GIVEN INFORMATION:

§ §

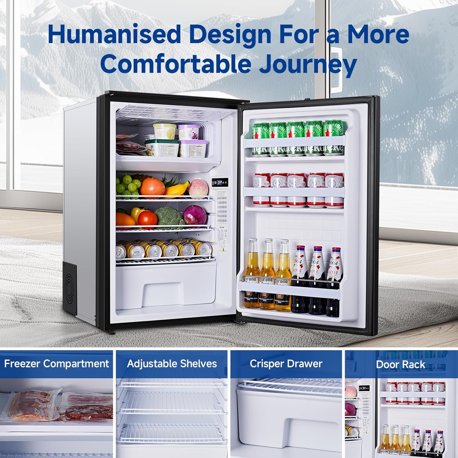 - User Friendly Design: This Portable Fridge Freezer is equipped with a removable crisper drawer, shelf and bottle holder, plastic shelf adjusts between two positions to accommodate items of all shapes and sizes. Convenient interior light for easy access in the dark.
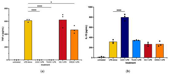 TNF-α (a) and IL-10 (b) concentrations in supernatants from canine macrophages (MH588) treated with bile acid at 25 μM, incubated for 2 h, then stimulated with LPS (lipopolysaccharide) at 100 ng/mL. Values were compared with one-way ANOVA with the Holm–Sidak multiple comparison test. Horizontal bars with asterisks indicate significantly different mean values compared to control treatment of LPS alone; * p < 0.05 and **** p < 0.0001.
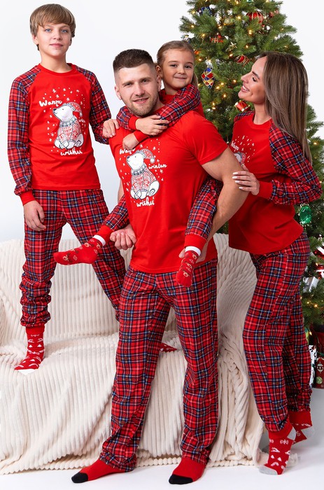 Мужская пижама с брюками создана для комфорта и праздничного настроения. Домашний костюм красного цвета выполнен из 100% хлопка, ткань кулирная гладь. Трикотажная пижама в клетку украшена принтом Мишка в колпачке.

§ §

WORK TASK:
When you write out the material, keep every line exact and leave out each picture.

ANSWER BOX:
 - User Friendly Design: This Portable Fridge Freezer is equipped with a removable crisper drawer, shelf and bottle holder, plastic shelf adjusts between two positions to accommodate items of all shapes and sizes. Convenient interior light for easy access in the dark.
 TNF-α (a) and IL-10 (b) concentrations in supernatants from canine macrophages (MH588) treated with bile acid at 25 μM, incubated for 2 h, then stimulated with LPS (lipopolysaccharide) at 100 ng/mL. Values were compared with one-way ANOVA with the Holm–Sidak multiple comparison test. Horizontal bars with asterisks indicate significantly different mean values compared to control treatment of LPS alone; * p < 0.05 and **** p < 0.0001.
 Мужская пижама с брюками создана для комфорта и праздничного настроения. Домашний костюм красного цвета выполнен из 100% хлопка, ткань кулирная гладь. Трикотажная пижама в клетку украшена принтом Мишка в колпачке.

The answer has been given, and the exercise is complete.